Full of flavor from grilled pineapple and a lemon-peppery punch, this shrimp salad is an all-time favorite, super easy, healthy and a fast idea for a weeknight supper.
- 1 ½ pounds of peeled and deveined large shrimp
- 1 tablespoon of avocado oil
- 1 tablespoon of lemon pepper
- 1 fresh pineapple, cored and cut into ¾ inch thick slices
- ¼ cup of mayonnaise
- 2 tablespoons of honey
- 2 tablespoons of fresh lime juice
- ¼ teaspoon of hot pepper flakes
- 8 ounces of mixed greens like baby spinach, arugula, etc…
- ¼ cup of fresh cilantro
Preheat grill to medium-high heat.
Thread shrimp into metal skewers and brush with avocado oil. Sprinkle shrimp and pineapple slices with lemon pepper.
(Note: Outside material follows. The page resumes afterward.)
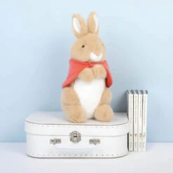 Flopsy Bunny Plush with Pink Cape Size: 25cm Age: 1+ The Classic Flopsy Bunny plush is soft and huggable and makes for a perfect gift for those young and young at heart Beatrix Potter fans! She wears a gorgeous luxe pink cape, embroidered with her name ‘Flopsy’ on the side.

Brush grill racks with avocado oil or coat them with cooking spray. Place pineapple and shrimp skewers on the racks and grill them for about 4 minutes per side.
Cut pineapple slices into bite-size pieces.
In a small mixing bowl, whisk mayonnaise, honey and lime juice, mix in cilantro and hot pepper flakes.
Divide salad greens between 4 plates, top it with grilled shrimp and pineapple and drizzle with honey and mayo dressing.
Preparation Time: about 18 minutes
Grill Time: about 8 minutes
Recipe inspired by Cooking Light ’20 Minute Meals’ magazine from April 10, 2015.